::: SOURCE RECORDS :::

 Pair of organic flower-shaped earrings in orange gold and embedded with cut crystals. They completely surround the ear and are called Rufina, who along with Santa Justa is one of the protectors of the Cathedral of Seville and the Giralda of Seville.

:::
::: SOURCE RECORDS :::

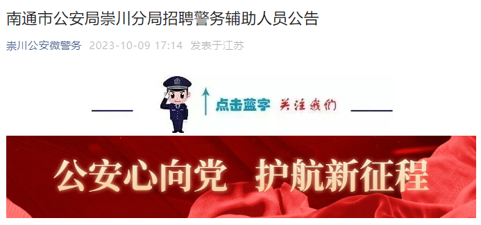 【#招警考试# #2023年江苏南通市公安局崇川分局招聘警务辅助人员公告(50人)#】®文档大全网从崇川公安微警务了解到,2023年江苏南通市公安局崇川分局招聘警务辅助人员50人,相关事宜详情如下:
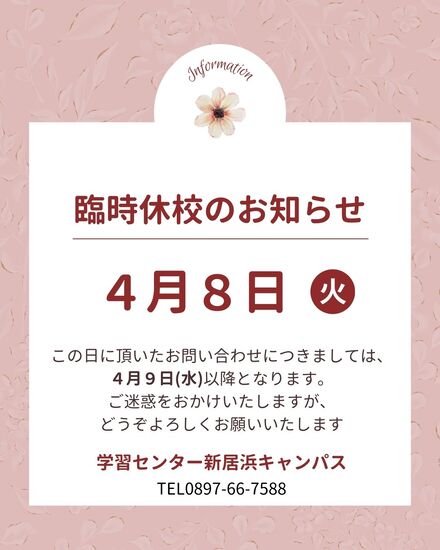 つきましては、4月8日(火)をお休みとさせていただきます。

:::
::: SOURCE RECORDS :::

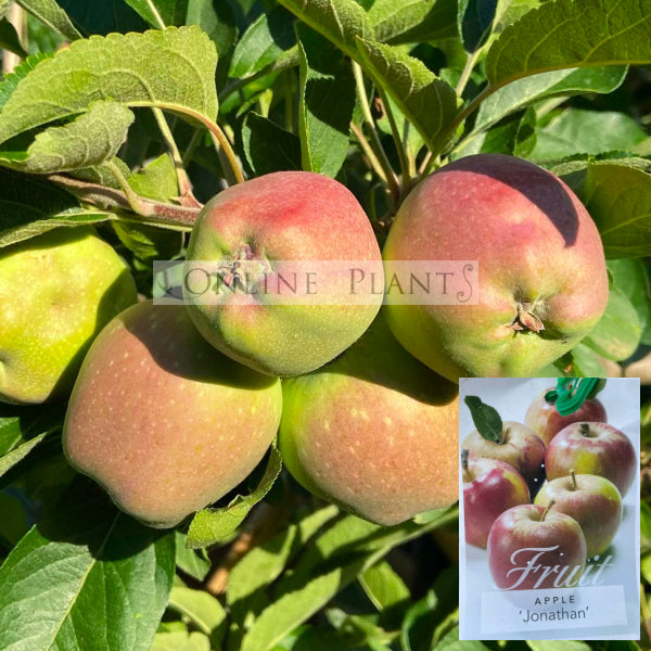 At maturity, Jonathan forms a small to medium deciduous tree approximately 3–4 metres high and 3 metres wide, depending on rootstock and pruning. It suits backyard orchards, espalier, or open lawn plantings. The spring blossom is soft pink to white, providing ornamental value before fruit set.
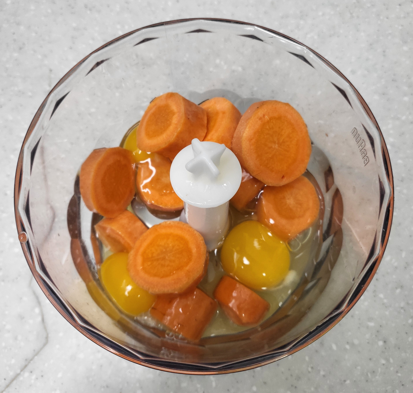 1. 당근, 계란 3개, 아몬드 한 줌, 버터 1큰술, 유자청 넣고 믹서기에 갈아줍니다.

:::

** WORK TASK **
Copy the listing above exactly, but only from the line with "At maturity, Jonathan" through the line with "1. 당근, 계란 3개, 아몬드", including those two lines and excluding any picture.

** PROBLEM SOLUTION **
 At maturity, Jonathan forms a small to medium deciduous tree approximately 3–4 metres high and 3 metres wide, depending on rootstock and pruning. It suits backyard orchards, espalier, or open lawn plantings. The spring blossom is soft pink to white, providing ornamental value before fruit set.
 1. 당근, 계란 3개, 아몬드 한 줌, 버터 1큰술, 유자청 넣고 믹서기에 갈아줍니다.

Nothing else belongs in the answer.